2. Build prompt/dataset/metric wiring and validate placeholder-field alignment.
3. Run prompt, tool, or parameter optimization with explicit controls (`n_threads`, `n_samples`, `max_trials`, seed).
4. Inspect `OptimizationResult` and compare score deltas against initial baselines.
5. Summarize recommendations, risks, and next experiments.

## Inputs

- Target optimization objective (prompt/tool/parameter) and success metric.
- Dataset source and expected schema fields.
- Model/provider constraints and runtime limits.
- Optional scope constraints (`optimize_prompts` segments, tool fields, project names).

## Outputs

- Optimizer run configuration and rationale.
- Result interpretation (`score`, `initial_score`, history trends).
- Recommended next changes and follow-up experiment plan.

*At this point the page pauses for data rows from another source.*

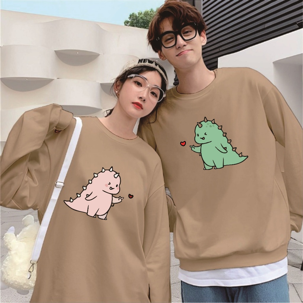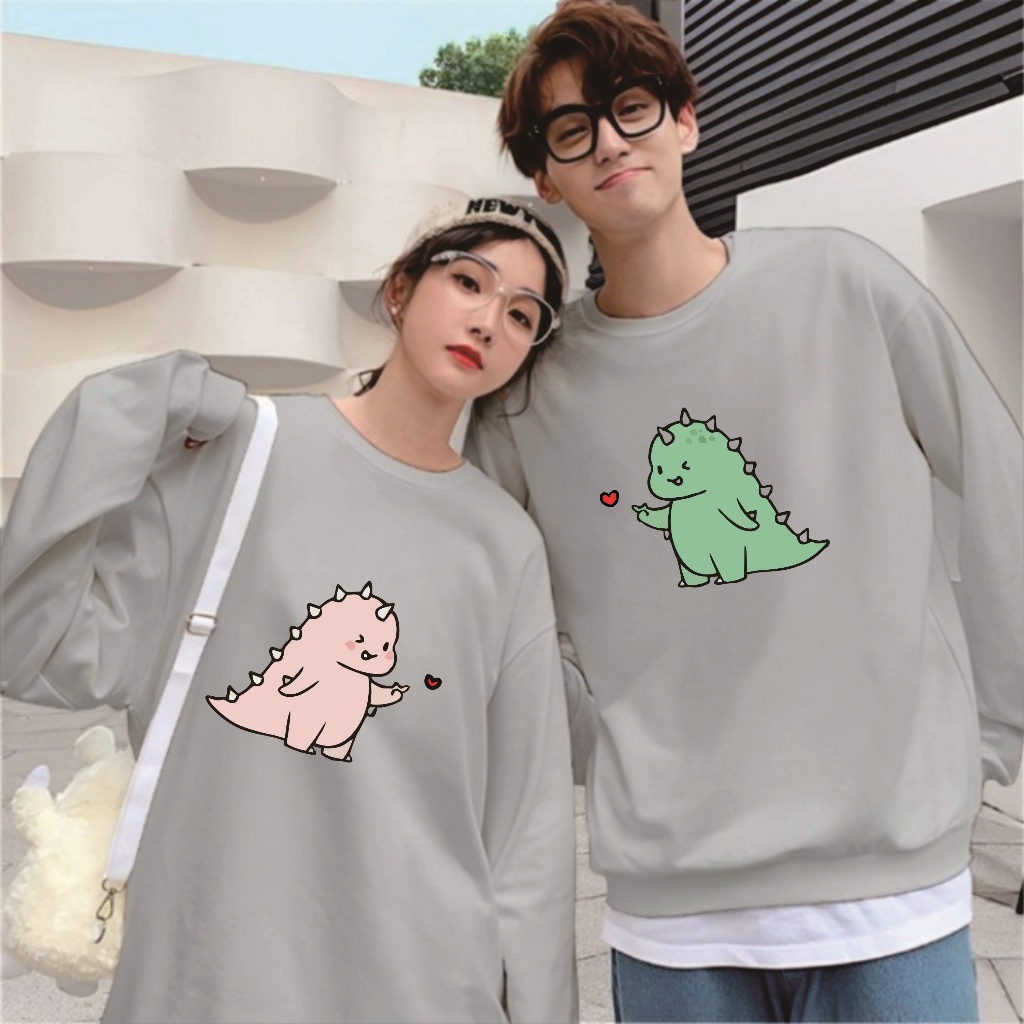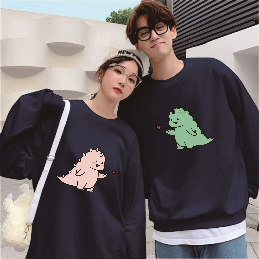 Korean Style Sweater Sweatshirt Crewneck Kapel Motif Distro Couple Dino Give Love Terbaru Terkini Viral Keren Pasangan Sama Ayang Kaos Lengan Panjang Unisex Pria Wanita
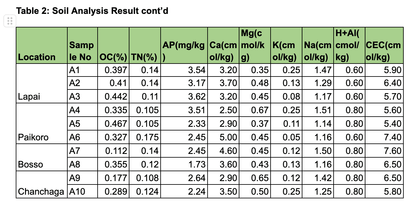 The soil pH (measured in water) across all samples ranged between 6.30 and 6.55, reflecting a slightly acidic environment that remains highly suitable for a wide range of crops, including cereals, legumes, root crops, and vegetables. Paikoro samples showed marginally higher acidity in CaCl₂ measurements (dropping to about 4.21) indicating greater sensitivity to nutrient availability shifts, while soils from Lapai demonstrated more stable pH values. Overall, the acidity levels fall within the optimal range for nutrient uptake and biological activity, suggesting that large-scale liming is unnecessary. However, periodic pH monitoring is recommended to mitigate progressive acidification, especially in areas with intensive cultivation or fertilizer use.
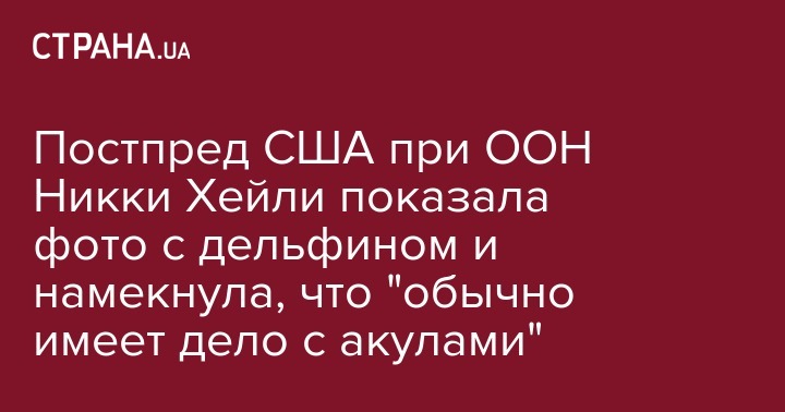 Постпред США при ООН Никки Хейли показала фото с дельфином и намекнула, что "обычно имеет дело с акулами"
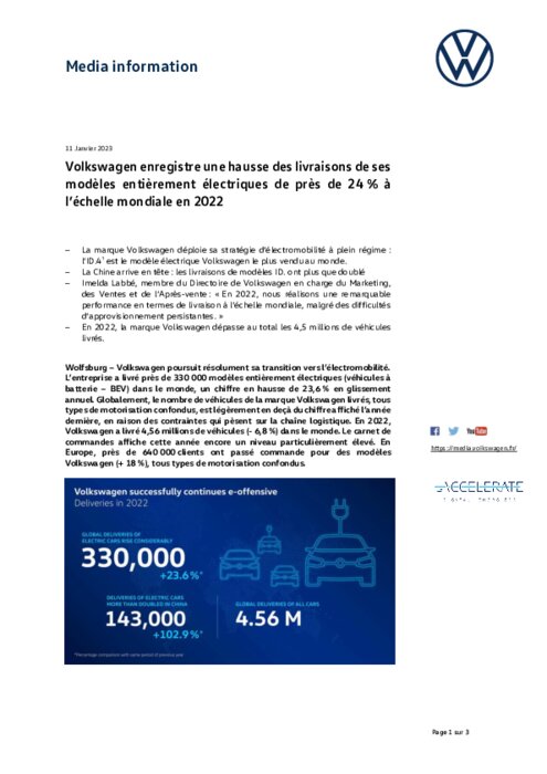 Volkswagen poursuit résolument sa transition vers l’électromobilité. L’entreprise a livré près de 330 000 modèles entièrement électriques (véhicules à batterie – BEV) dans le monde, un chiffre en hausse de 23,6 % en glissement annuel. Globalement, le nombre de véhicules de la marque Volkswagen livrés, tous types de motorisation confondus, est légèrement en deçà du chiffre affiché l’année dernière, en raison des contraintes qui pèsent sur la chaîne logistique.
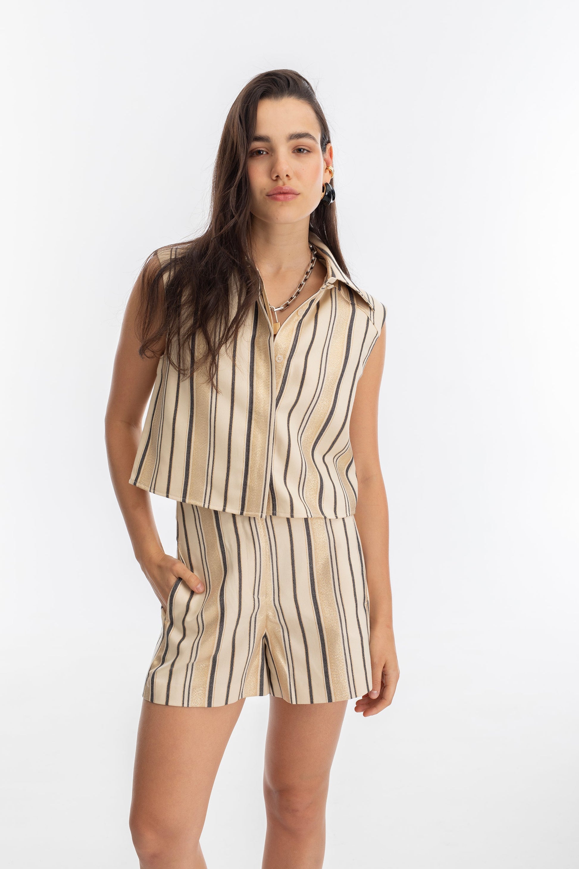 These high-waisted A-line shorts are super flattering and comfortable, and they have welt pockets on the back. They are made with a cotton blend jacquard with gold stripes, making them perfect for the holiday season.
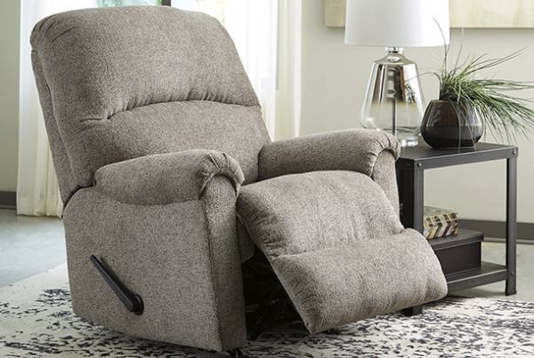 A mastery in "less is more," this rocker recliner manages to make cool, contemporary design so warm and cozy. Its soothing platinum-tone upholstery, incredibly plush to the touch, is a new twist on neutral. A curved divided back and a deeply tufted footrest give the clean-lined profile a sense of sumptuousness that's impossible to resist. One-pull reclining motion Gentle rocking motion Corner-blocked frame with reinforced metal seat Attached cushions High-resiliency foam cushions wrapped in thick poly fiber Polyester upholstery
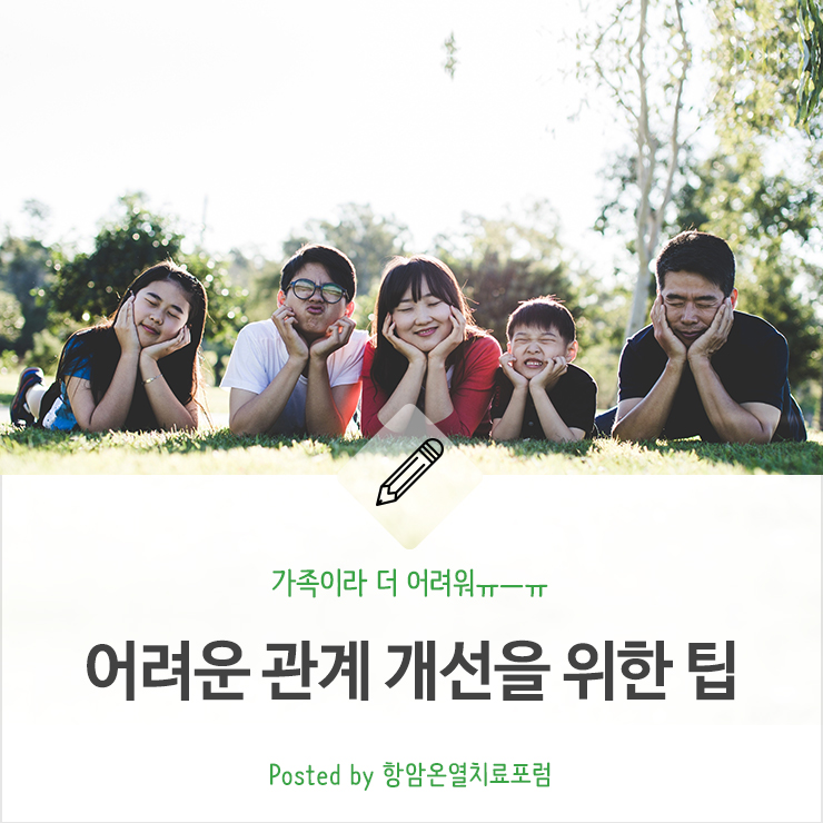 나와 함께하는 가족과의 시간을 좀 더 소중히 하기 위해, 불편한 관계를 개선하기 위해 노력을 기울이는 마음을 이해합니다.
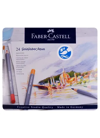Карандаши акварельные 24цв Goldfaber Aqua, метал.кор, Faber-Castell
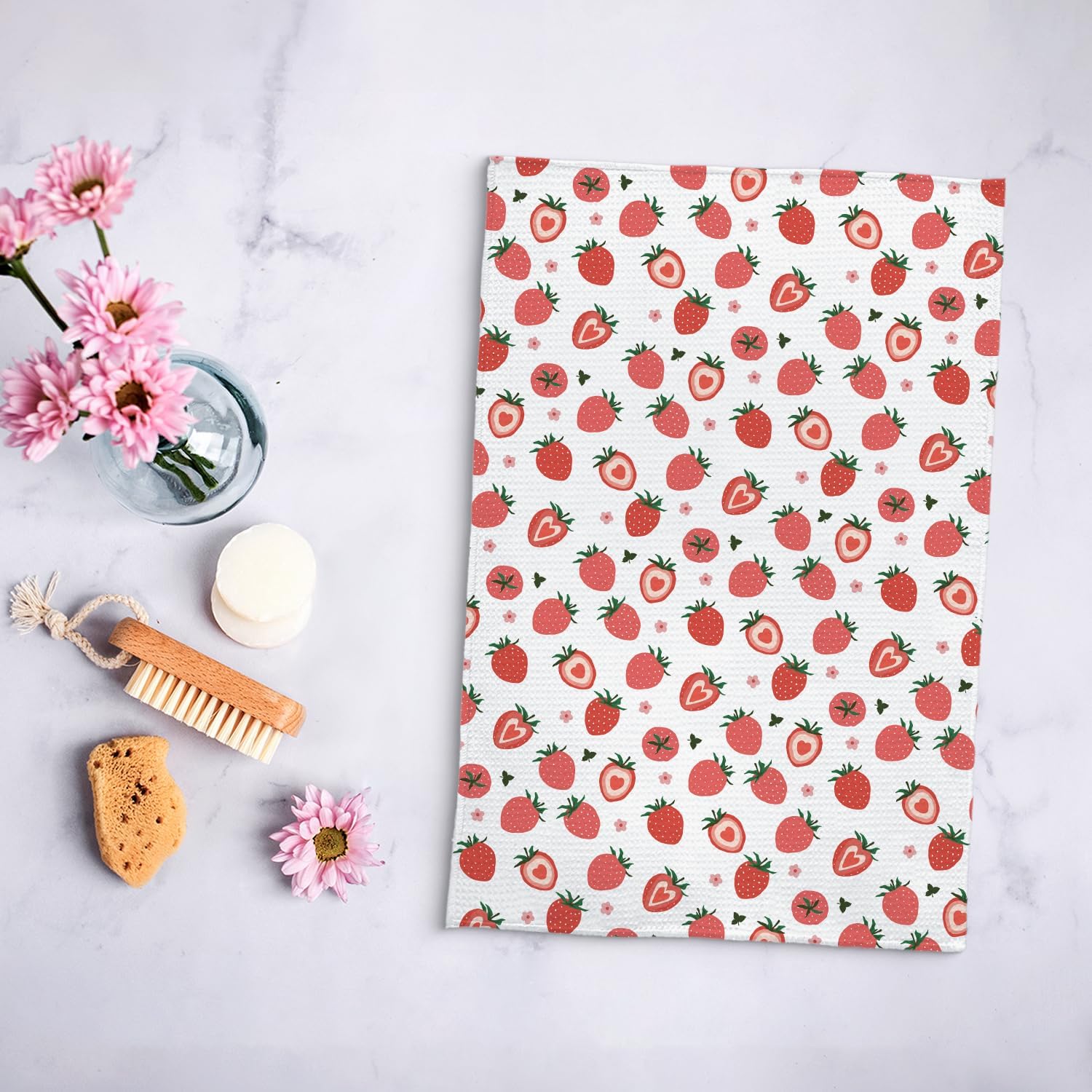 Strawberry Decor Kitchen Towel, Strawberry Hand Towel Dish Towel for Kitchen Bathroom Decor, Fruit Lover Gifts, 16x24 Inches

Use the reference files in this skill for details before implementing code:

- `references/algorithms.md`
- `references/prompt_agent_workflow.md`
- `references/example_patterns.md`

## Opik Optimizer quickstart

1. Install and import:

```bash
pip install opik-optimizer
```

```python
from opik_optimizer import ChatPrompt, MetaPromptOptimizer, HRPO, FewShotBayesianOptimizer
from opik_optimizer import datasets
```

2. Build a prompt and metric:

```python
from opik.evaluation.metrics import LevenshteinRatio

prompt = ChatPrompt(
    system="You are a concise answerer.",
    user="{question}",
)

def metric(dataset_item: dict, output: str) -> float:
    return LevenshteinRatio().score(
        reference=dataset_item["answer"],
        output=output,
    ).value
```

3. Load dataset and run:

```python
dataset = datasets.hotpot(count=30)

result = MetaPromptOptimizer(model="openai/gpt-5-nano").optimize_prompt(
    prompt=prompt,
    dataset=dataset,
    metric=metric,
    n_samples=20,
    max_trials=10,
)
result.display()
```

## Core workflow you should follow

1. Pick optimizer class:
   - Few-shot examples + Bayesian selection: `FewShotBayesianOptimizer`
   - LLM meta-reasoning: `MetaPromptOptimizer`
   - Genetic + MOO / LLM crossover: `EvolutionaryOptimizer`
   - Hierarchical reflective diagnostics: `HierarchicalReflectiveOptimizer` (`HRPO`)
   - Pareto-based genetic strategy: `GepaOptimizer`
   - Parameter tuning only: `ParameterOptimizer`
2. Define a single `ChatPrompt` (or dict of prompts for multi-prompt cases).
3. Provide a dataset from `opik_optimizer.datasets`.
4. Provide metric callable with signature `(dataset_item, llm_output) -> float` (or `ScoreResult`/list of `ScoreResult`).
5. Set optimizer controls (`n_threads`, `n_samples`, `max_trials`, seed, etc.).
6. Run one of:
   - `optimize_prompt(...)` for prompt/system behavior changes.
   - `optimize_parameter(...)` for model-call hyperparameters.
7. Inspect `OptimizationResult` (`score`, `initial_score`, `history`, `optimization_id`, `get_optimized_parameters`).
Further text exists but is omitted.